EXERCISE MATERIALS START
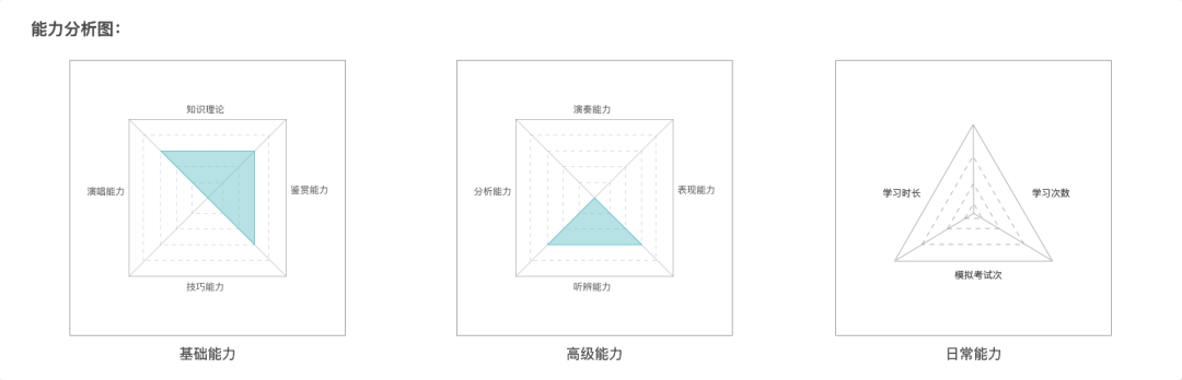 音樂是抽象藝術,平臺通過數字化的功能,將音樂考試形成標準化測評報告,測評學生音樂基礎、高級、日常能力。
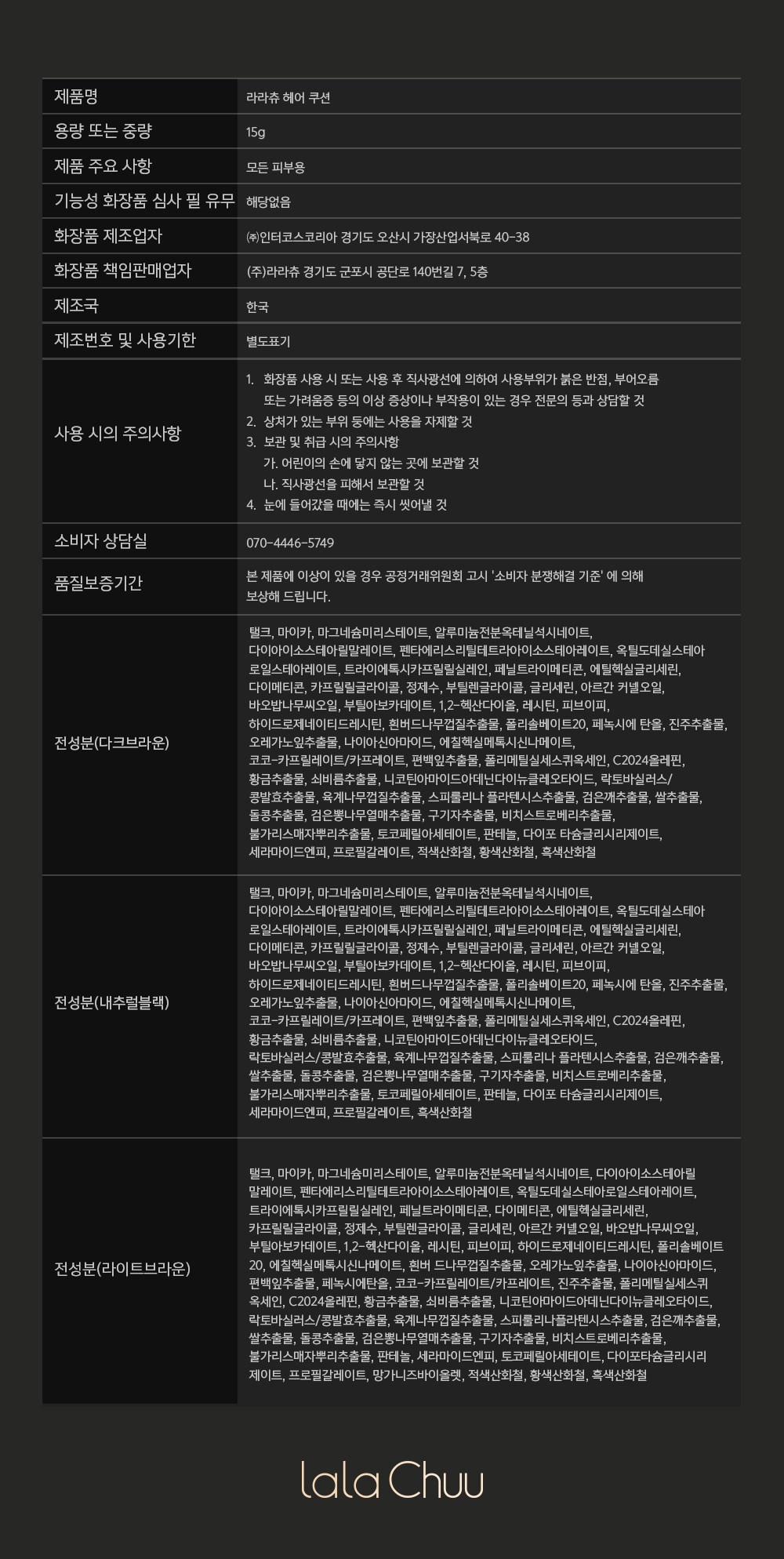 | 화장품제조업자, 화장품책임판매업자 및 맞춤형화장품판매업자 | (주)인터코스코리아/(주)라라츄 | 제조국 | 한국 |
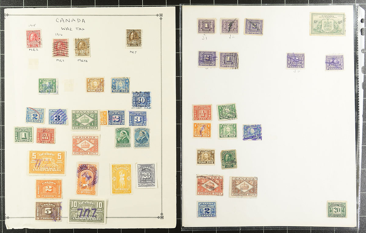 A mix of selected items and leftover album pages. There is a nice group of Telegraph stamps from BC Tel, Great North Western and CPR. A dozen Saskatchewan Power Commission stamps are all used. The pair of New Brunswick health booklet panes are mint, but with some faults. The balance of the lot is mostly Federal, with Inspection, Excise, War Tax, etc. A fun lot for exploring. Estimate =
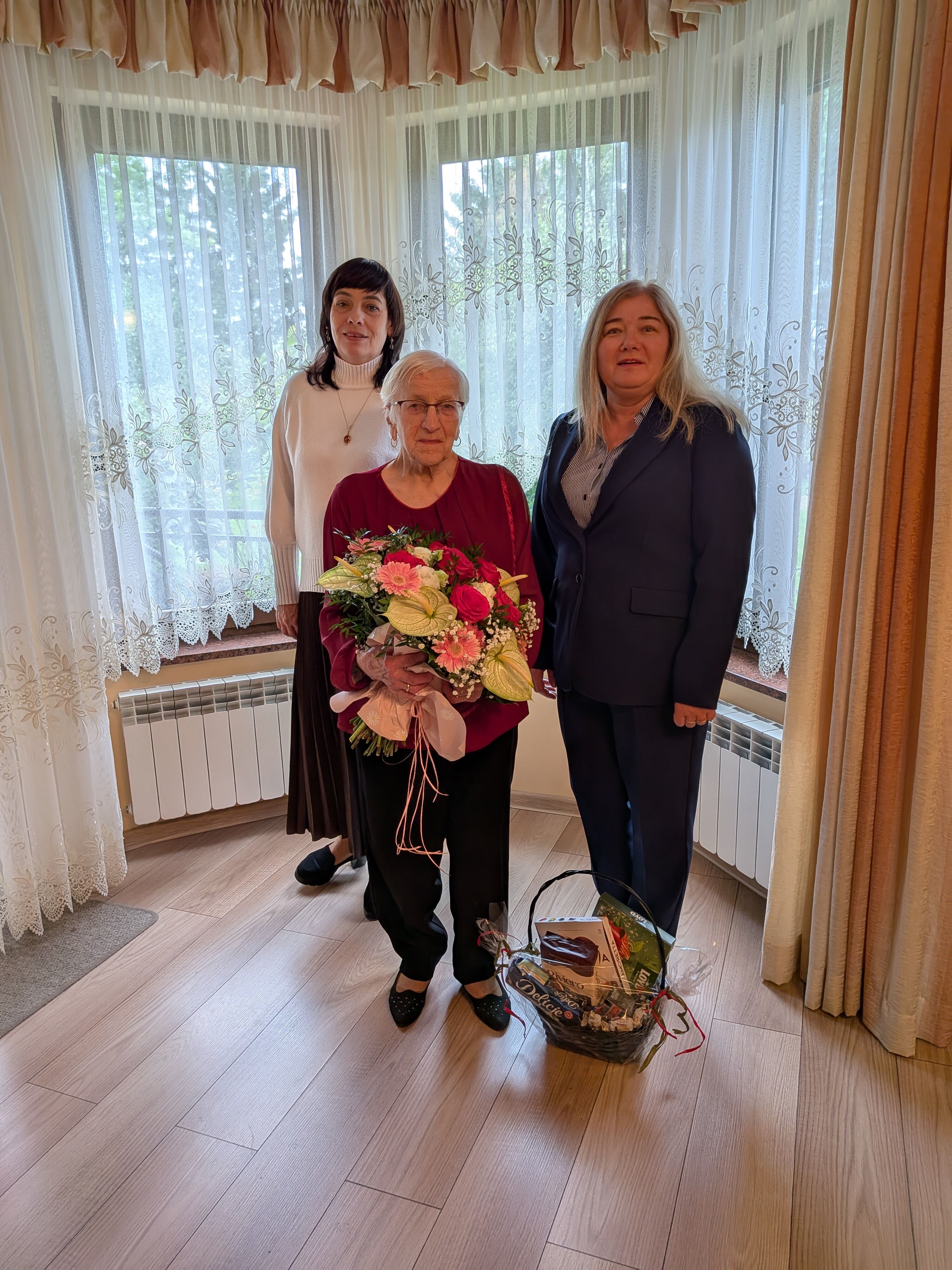 W tym doniosłym dniu Wójt przekazała Pani Genowefie listy gratulacyjne i życzenia od Wojewody Dolnośląskiej oraz z Kancelarii Prezesa Rady Ministrów.
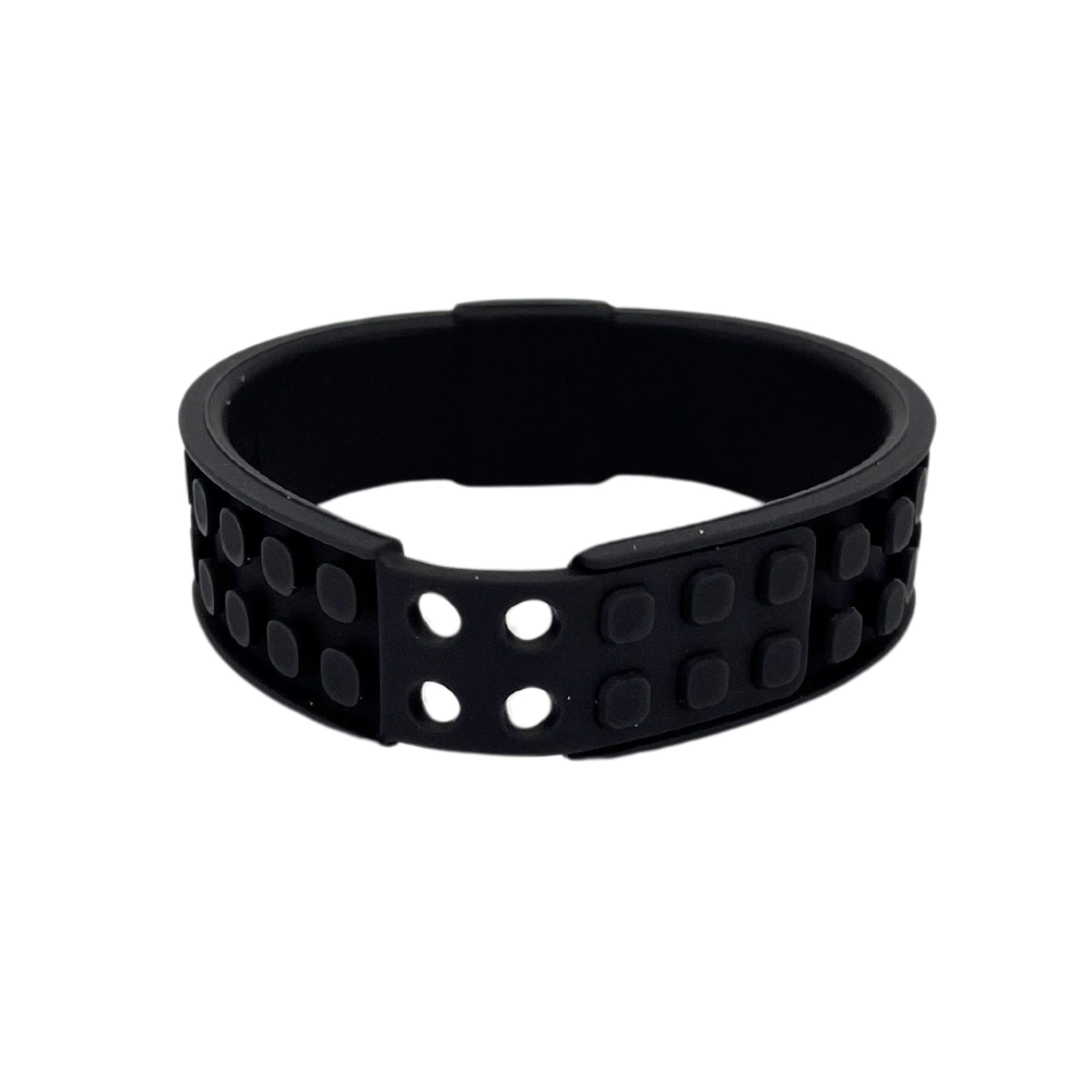 Регулируема силиконова гривна в черен цвят, идеална за деца и възрастни! С нея можете да създавате собствените си креативни дизайни с помощта на 44 точки за закрепване на пиксели.
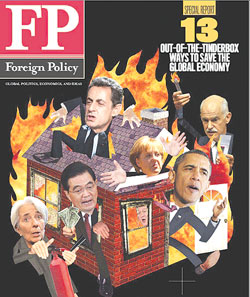Συγκεκριμένα, το τεύχος του “Foreign Policy” έχει ως κεντρικό αφιέρωμα την παγκόσμια οικονομία και προτείνει 13 τρόπους για να ξεπεραστεί η κρίση. Στο εξώφυλλο του περιοδικού όμως, δεσπόζουν οι φιγούρες του Νικολά Σαρκοζί, του Μπαρόζο, της Άνγκελα Μέρκελ, της Κριστίν Λαγκάρντ και του Μπαράκ Ομπάμα. Όλοι αυτοί φαίνονται να πετάγονται έξω από ένα φλεγόμενο σπίτι -που παρομοιάζει την παγκόσμια οικονομία- ενώ έξω από αυτό βρίσκεται ο ...Γιώργος Παπανδρέου. Ο πρώην πρωθυπουργός ως άλλος Νέρωνας φαίνεται να κρατά ένα σπίρτο στο ένα χέρι και το αγαπημένο του iPad στο άλλο, υπονοώντας προφανώς ότι βάζει φωτιά στο παγκόσμιο οικονομικό στερέωμα...
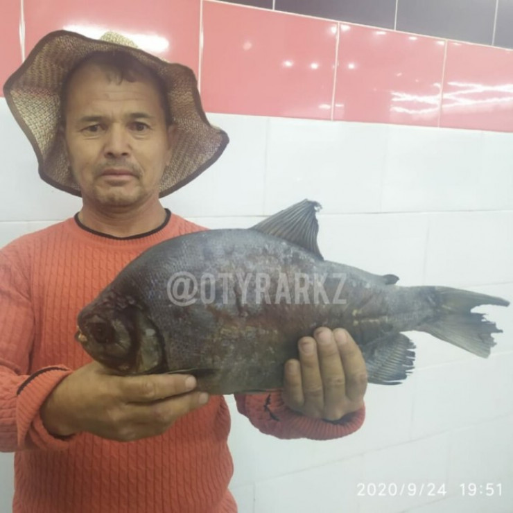 "Рыба большая, размером в пятилитровую баклажку, похожа чем-то на леща. Жабры посмотрел - красные. Открыл рот, а там зубы человеческие, как у пятилетнего ребенка. Меня аж немного в дрожь бросило", - рассказал Женис Узденбаев.
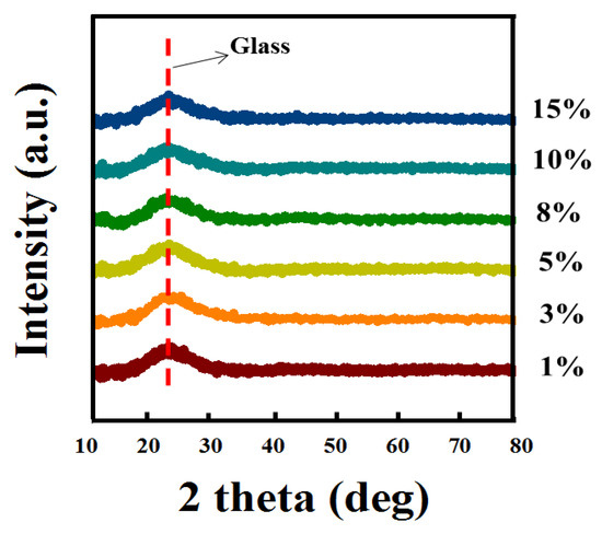 XRD spectra of the IGTO films deposited at a substrate temperature of 350 °C by spray pyrolysis, where Ga concentration varied from 1 to 20%. The peak at 25° is related to glass.
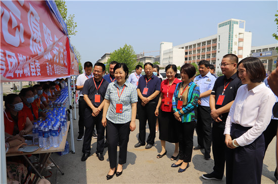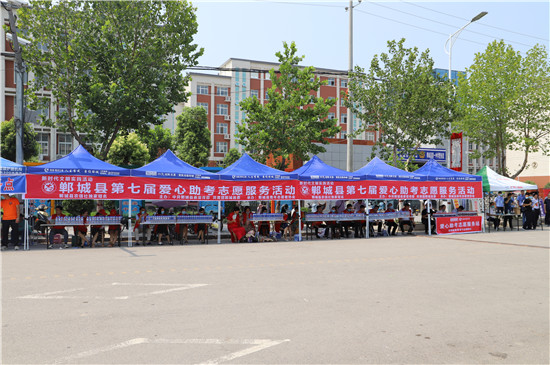 7月7日,全國高考進行時。鄲城縣為大力弘揚“奉獻(xiàn)、友愛、互助、進步”的志愿服務(wù)精神,由中共鄲城縣委宣傳部、共青團鄲城縣委聯(lián)合主辦,鄲城縣青年志愿者協(xié)會承辦,鄲城縣農(nóng)信社獨家贊助的愛心助考志愿服務(wù)活動在全縣6個考點順利開展,身著紅馬甲的志愿者們成為服務(wù)高考的亮麗風(fēng)景線。
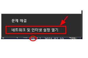 같은 방법이지만 시계표시줄의 와이파이 모양에서 오른쪽 마우스 클릭 >> 네트워크 및 인터넷 설정 열기를 선택한다.
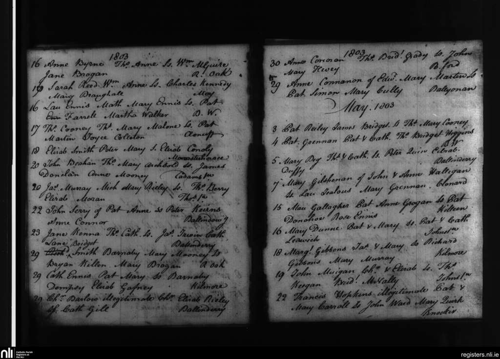 Balyna; County of Kildare; Diocese of Kildare and Leighlin. Baptisms, Apr. 1803 to May 1803
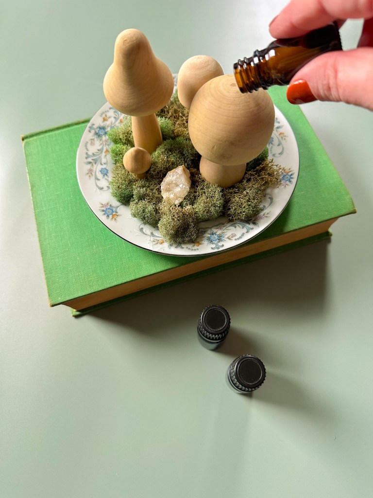First, find a sweet little saucer or dessert plate at your local thrift shop—I have collected many as they are endlessly useful. You’ll also need a hot glue gun, dried moss, wooden craft mushrooms (or get more creative than me and make your own from natural clay), and crystals to adorn if you’d like. Decide how you’d like to lay out the arrangement, and glue on the mushrooms first, pressing as the glue cools to adhere it well. Then add glue to the plate and tuck moss around to give it a springtime forest floor look. Finally, tuck any crystals where you’d like them. You can always get creative and put your own spin on it, adding items like dried flowers, acorns, etc!
EXERCISE MATERIALS END
_WHAT YOU ARE ASKED TO DO_:
All lines from the start of the entries above through the line containing "(주)인터코스코리아/(주)라라츄 | 제조국 | 한국 |" are to be given again exactly; the pictures are not.

_RESPONSE_:
 音樂是抽象藝術,平臺通過數字化的功能,將音樂考試形成標準化測評報告,測評學生音樂基礎、高級、日常能力。
 | 화장품제조업자, 화장품책임판매업자 및 맞춤형화장품판매업자 | (주)인터코스코리아/(주)라라츄 | 제조국 | 한국 |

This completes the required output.